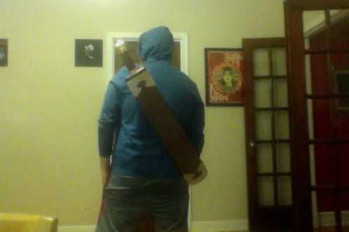 -sugiero pintura esta porción antes de pegar en el lugar.6. Tome su correa y fíjelo a la espada con clips divididos. Corté la cinta por la mitad para que sea ajustable.
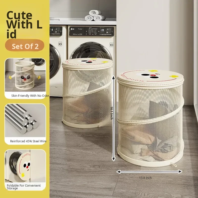 Cute Style with Lid, 2 Pieces [Washable/Foldable]
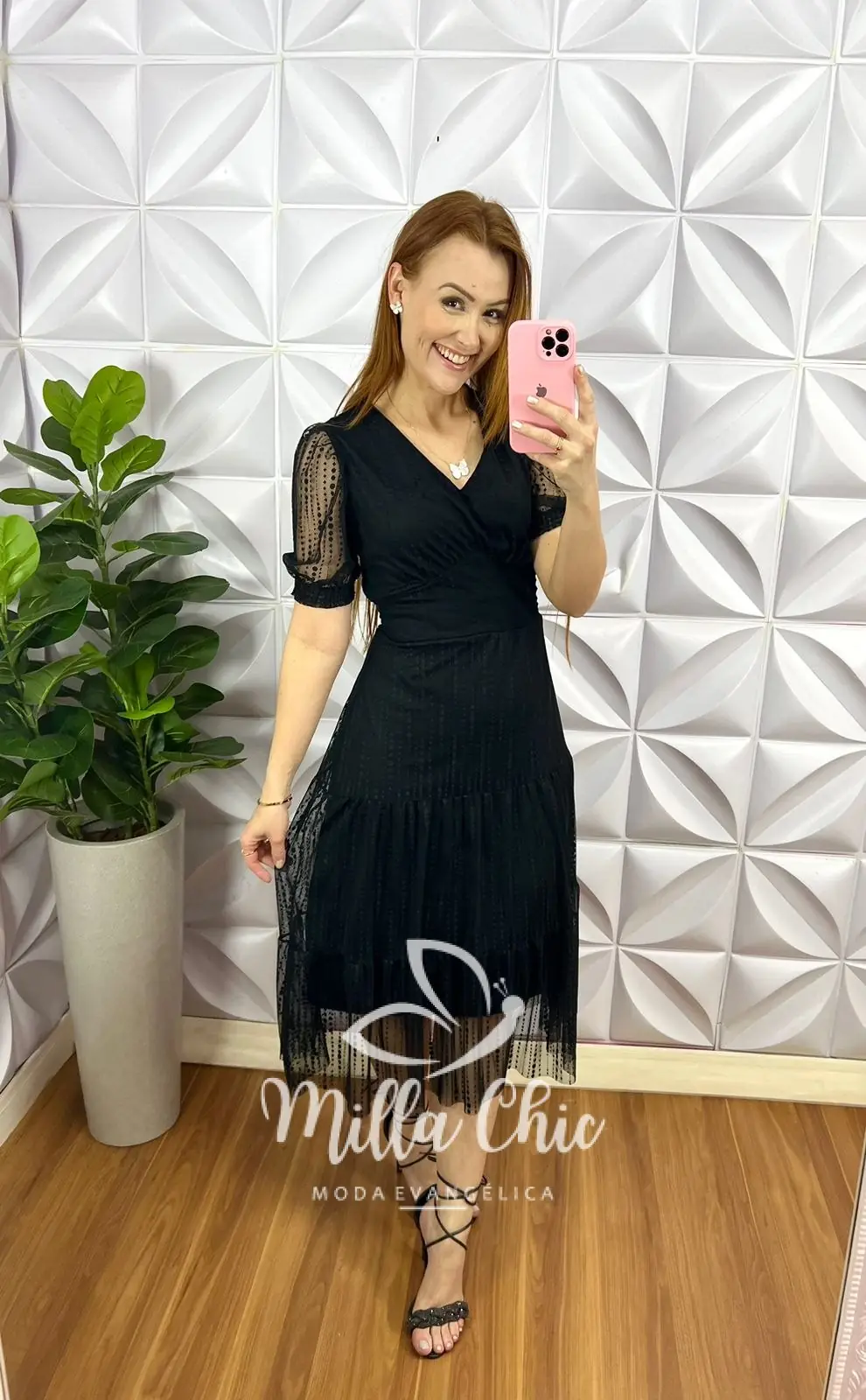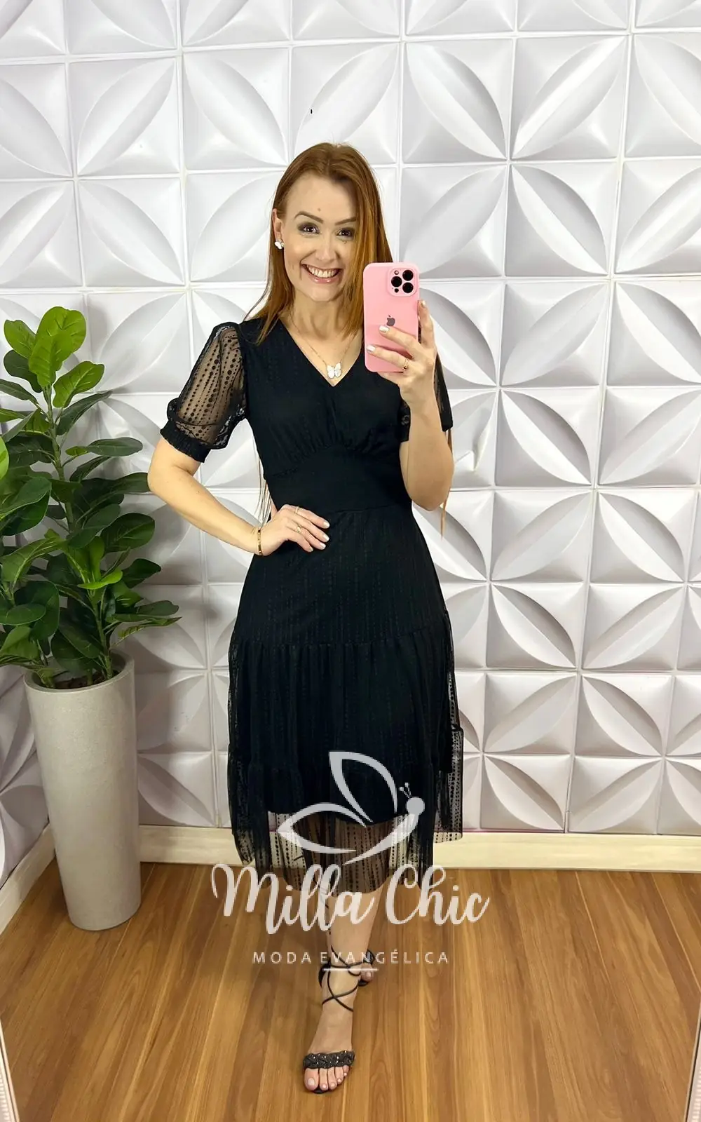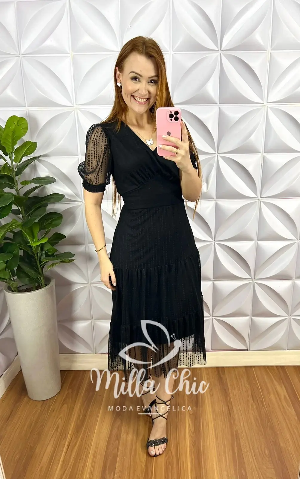 Vestido Tule Bolinha Decote V Pala Na Cintura Três Marias Manga Princesa Sandra – Preto
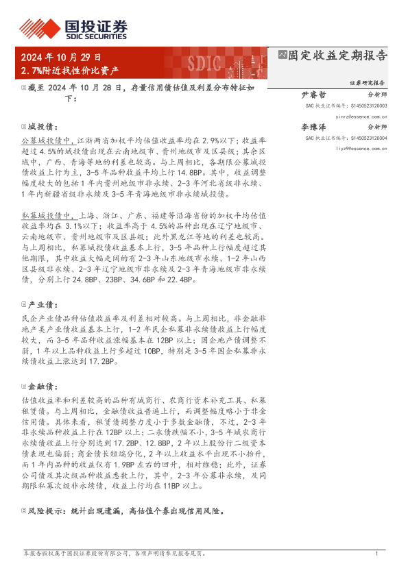 【国投证券】【20241029】固定收益定期报告:2.7%附近找性价比资产-19页
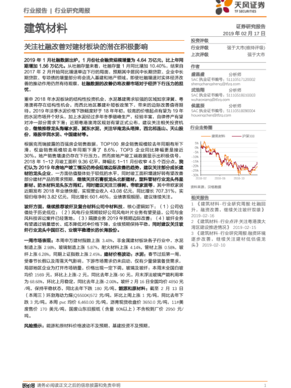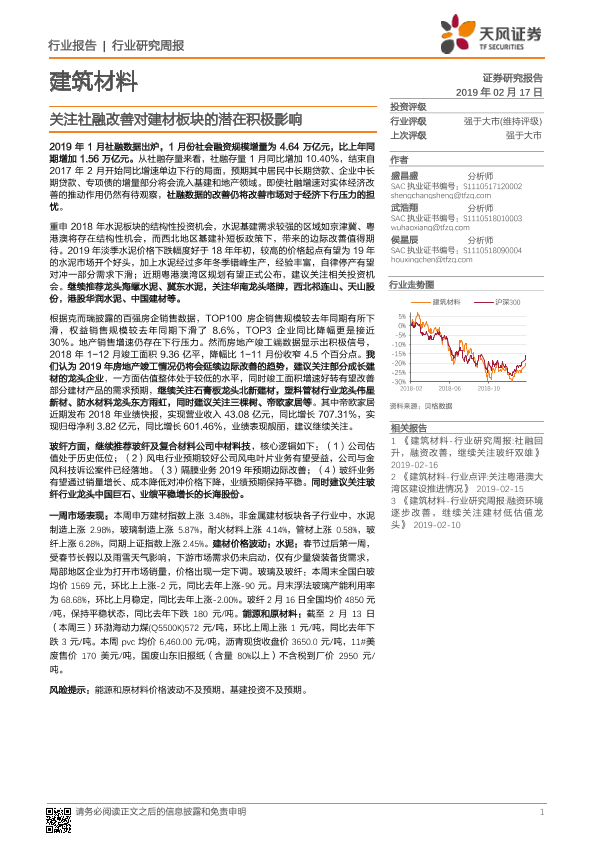 【天风证券】【20190217】建筑材料行业研究周报:关注社融改善对建材板块的潜在积极影响-11页
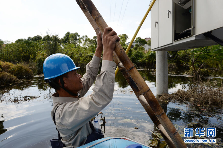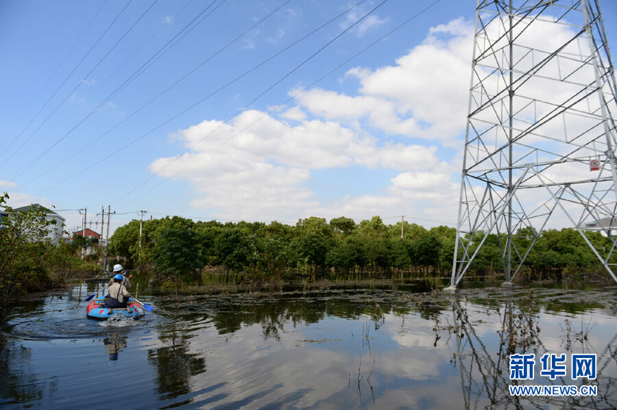 10月13日上午,在余姚市舜宇路北郊村俞嘉桥,由于地处江边,村子积水最深处仍有2米,驰援余姚灾区的国网浙江嵊州市供电公司应急抢修队乘坐皮划艇进入深水区,对配电台区进行巡视、抢修,确保该区域尽早实现通电。新华社发张小龙

Work required: Could you repeat, exactly and with nothing else, the lines from the one containing "Vestido Tule Bolinha" through the last line of the records above, leaving out the pictures?

Solution to this task:
 Vestido Tule Bolinha Decote V Pala Na Cintura Três Marias Manga Princesa Sandra – Preto
 【国投证券】【20241029】固定收益定期报告:2.7%附近找性价比资产-19页
 【天风证券】【20190217】建筑材料行业研究周报:关注社融改善对建材板块的潜在积极影响-11页
 10月13日上午,在余姚市舜宇路北郊村俞嘉桥,由于地处江边,村子积水最深处仍有2米,驰援余姚灾区的国网浙江嵊州市供电公司应急抢修队乘坐皮划艇进入深水区,对配电台区进行巡视、抢修,确保该区域尽早实现通电。新华社发张小龙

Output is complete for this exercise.